Start of Extracted data

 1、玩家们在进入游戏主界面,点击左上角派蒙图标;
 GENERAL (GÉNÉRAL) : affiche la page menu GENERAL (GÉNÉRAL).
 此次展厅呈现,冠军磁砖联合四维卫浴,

End of Extracted data
Start of Extracted data

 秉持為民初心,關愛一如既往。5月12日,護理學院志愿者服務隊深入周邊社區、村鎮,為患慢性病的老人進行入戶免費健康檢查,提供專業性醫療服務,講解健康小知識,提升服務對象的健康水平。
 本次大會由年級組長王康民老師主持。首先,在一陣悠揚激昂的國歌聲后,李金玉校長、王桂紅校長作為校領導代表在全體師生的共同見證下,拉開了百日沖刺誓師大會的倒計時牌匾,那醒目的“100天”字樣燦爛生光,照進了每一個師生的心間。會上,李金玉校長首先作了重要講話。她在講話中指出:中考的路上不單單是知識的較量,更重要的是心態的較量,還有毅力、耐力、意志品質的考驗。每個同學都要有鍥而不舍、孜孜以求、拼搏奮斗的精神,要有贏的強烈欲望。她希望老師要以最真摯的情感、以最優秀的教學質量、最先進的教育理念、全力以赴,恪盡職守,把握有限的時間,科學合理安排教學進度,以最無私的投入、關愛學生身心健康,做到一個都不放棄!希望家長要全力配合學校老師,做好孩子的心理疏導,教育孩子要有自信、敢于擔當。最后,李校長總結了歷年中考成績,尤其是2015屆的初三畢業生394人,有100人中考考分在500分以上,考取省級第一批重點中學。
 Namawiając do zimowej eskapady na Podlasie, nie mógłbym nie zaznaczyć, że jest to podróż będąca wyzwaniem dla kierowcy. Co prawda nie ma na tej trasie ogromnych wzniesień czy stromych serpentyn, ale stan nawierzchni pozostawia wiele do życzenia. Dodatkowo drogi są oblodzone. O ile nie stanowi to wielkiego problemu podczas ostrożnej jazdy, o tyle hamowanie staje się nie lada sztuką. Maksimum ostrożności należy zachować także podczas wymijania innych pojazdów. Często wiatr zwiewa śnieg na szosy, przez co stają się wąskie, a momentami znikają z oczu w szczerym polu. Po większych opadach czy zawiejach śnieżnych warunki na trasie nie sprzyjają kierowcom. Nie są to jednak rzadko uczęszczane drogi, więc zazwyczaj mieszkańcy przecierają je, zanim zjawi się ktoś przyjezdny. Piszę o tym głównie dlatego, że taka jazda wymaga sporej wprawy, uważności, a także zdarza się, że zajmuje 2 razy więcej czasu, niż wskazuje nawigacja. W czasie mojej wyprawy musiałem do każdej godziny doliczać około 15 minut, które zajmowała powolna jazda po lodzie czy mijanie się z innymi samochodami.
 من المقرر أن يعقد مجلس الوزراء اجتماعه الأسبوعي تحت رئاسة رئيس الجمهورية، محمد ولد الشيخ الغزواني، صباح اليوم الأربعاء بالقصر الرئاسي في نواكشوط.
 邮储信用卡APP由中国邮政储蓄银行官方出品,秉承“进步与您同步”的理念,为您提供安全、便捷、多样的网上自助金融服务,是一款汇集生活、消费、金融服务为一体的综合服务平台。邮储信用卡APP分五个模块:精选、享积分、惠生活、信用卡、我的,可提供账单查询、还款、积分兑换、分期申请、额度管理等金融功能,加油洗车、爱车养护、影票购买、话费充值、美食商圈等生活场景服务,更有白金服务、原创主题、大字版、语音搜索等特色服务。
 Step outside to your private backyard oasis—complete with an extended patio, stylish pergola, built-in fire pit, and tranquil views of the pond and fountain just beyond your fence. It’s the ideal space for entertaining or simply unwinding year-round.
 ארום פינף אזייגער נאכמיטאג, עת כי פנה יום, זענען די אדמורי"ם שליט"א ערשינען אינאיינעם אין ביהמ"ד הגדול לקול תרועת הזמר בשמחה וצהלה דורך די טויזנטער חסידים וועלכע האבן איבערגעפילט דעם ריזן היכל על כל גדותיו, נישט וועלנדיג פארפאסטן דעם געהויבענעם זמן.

End of Extracted data
Start of Extracted data

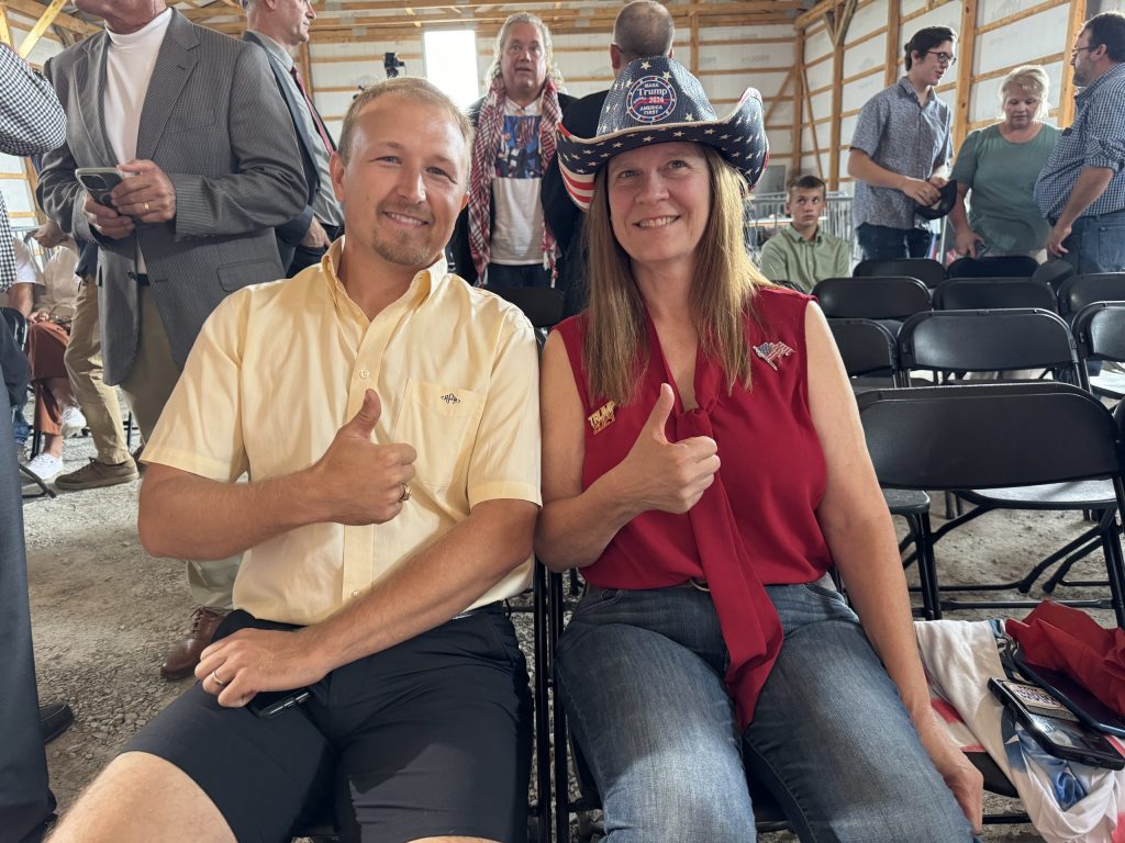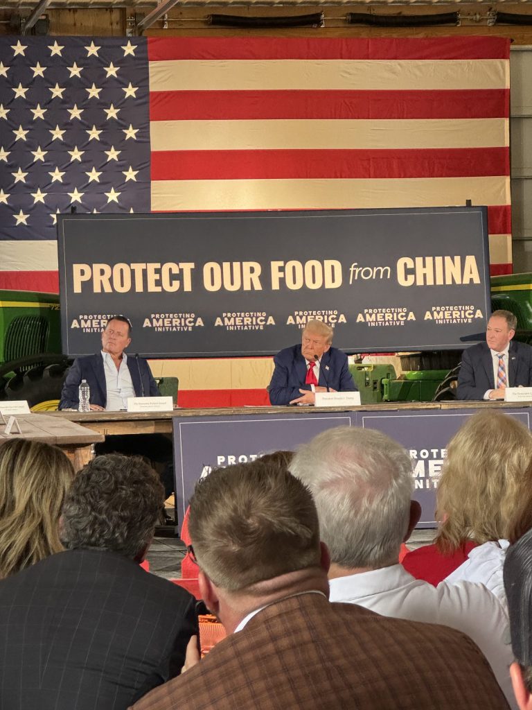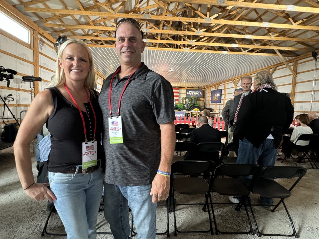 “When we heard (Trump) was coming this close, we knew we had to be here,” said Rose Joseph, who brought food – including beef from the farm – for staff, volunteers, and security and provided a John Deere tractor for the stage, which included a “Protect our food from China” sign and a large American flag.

End of Extracted data

Try it | Extract from the records above the lines from the one containing "本次大會由年級組長王康民老師" to the one containing "ארום פינף אזייגער", both lines included, exactly as they appear and with nothing else.

Reply |
 本次大會由年級組長王康民老師主持。首先,在一陣悠揚激昂的國歌聲后,李金玉校長、王桂紅校長作為校領導代表在全體師生的共同見證下,拉開了百日沖刺誓師大會的倒計時牌匾,那醒目的“100天”字樣燦爛生光,照進了每一個師生的心間。會上,李金玉校長首先作了重要講話。她在講話中指出:中考的路上不單單是知識的較量,更重要的是心態的較量,還有毅力、耐力、意志品質的考驗。每個同學都要有鍥而不舍、孜孜以求、拼搏奮斗的精神,要有贏的強烈欲望。她希望老師要以最真摯的情感、以最優秀的教學質量、最先進的教育理念、全力以赴,恪盡職守,把握有限的時間,科學合理安排教學進度,以最無私的投入、關愛學生身心健康,做到一個都不放棄!希望家長要全力配合學校老師,做好孩子的心理疏導,教育孩子要有自信、敢于擔當。最后,李校長總結了歷年中考成績,尤其是2015屆的初三畢業生394人,有100人中考考分在500分以上,考取省級第一批重點中學。
 Namawiając do zimowej eskapady na Podlasie, nie mógłbym nie zaznaczyć, że jest to podróż będąca wyzwaniem dla kierowcy. Co prawda nie ma na tej trasie ogromnych wzniesień czy stromych serpentyn, ale stan nawierzchni pozostawia wiele do życzenia. Dodatkowo drogi są oblodzone. O ile nie stanowi to wielkiego problemu podczas ostrożnej jazdy, o tyle hamowanie staje się nie lada sztuką. Maksimum ostrożności należy zachować także podczas wymijania innych pojazdów. Często wiatr zwiewa śnieg na szosy, przez co stają się wąskie, a momentami znikają z oczu w szczerym polu. Po większych opadach czy zawiejach śnieżnych warunki na trasie nie sprzyjają kierowcom. Nie są to jednak rzadko uczęszczane drogi, więc zazwyczaj mieszkańcy przecierają je, zanim zjawi się ktoś przyjezdny. Piszę o tym głównie dlatego, że taka jazda wymaga sporej wprawy, uważności, a także zdarza się, że zajmuje 2 razy więcej czasu, niż wskazuje nawigacja. W czasie mojej wyprawy musiałem do każdej godziny doliczać około 15 minut, które zajmowała powolna jazda po lodzie czy mijanie się z innymi samochodami.
 من المقرر أن يعقد مجلس الوزراء اجتماعه الأسبوعي تحت رئاسة رئيس الجمهورية، محمد ولد الشيخ الغزواني، صباح اليوم الأربعاء بالقصر الرئاسي في نواكشوط.
 邮储信用卡APP由中国邮政储蓄银行官方出品,秉承“进步与您同步”的理念,为您提供安全、便捷、多样的网上自助金融服务,是一款汇集生活、消费、金融服务为一体的综合服务平台。邮储信用卡APP分五个模块:精选、享积分、惠生活、信用卡、我的,可提供账单查询、还款、积分兑换、分期申请、额度管理等金融功能,加油洗车、爱车养护、影票购买、话费充值、美食商圈等生活场景服务,更有白金服务、原创主题、大字版、语音搜索等特色服务。
 Step outside to your private backyard oasis—complete with an extended patio, stylish pergola, built-in fire pit, and tranquil views of the pond and fountain just beyond your fence. It’s the ideal space for entertaining or simply unwinding year-round.
 ארום פינף אזייגער נאכמיטאג, עת כי פנה יום, זענען די אדמורי"ם שליט"א ערשינען אינאיינעם אין ביהמ"ד הגדול לקול תרועת הזמר בשמחה וצהלה דורך די טויזנטער חסידים וועלכע האבן איבערגעפילט דעם ריזן היכל על כל גדותיו, נישט וועלנדיג פארפאסטן דעם געהויבענעם זמן.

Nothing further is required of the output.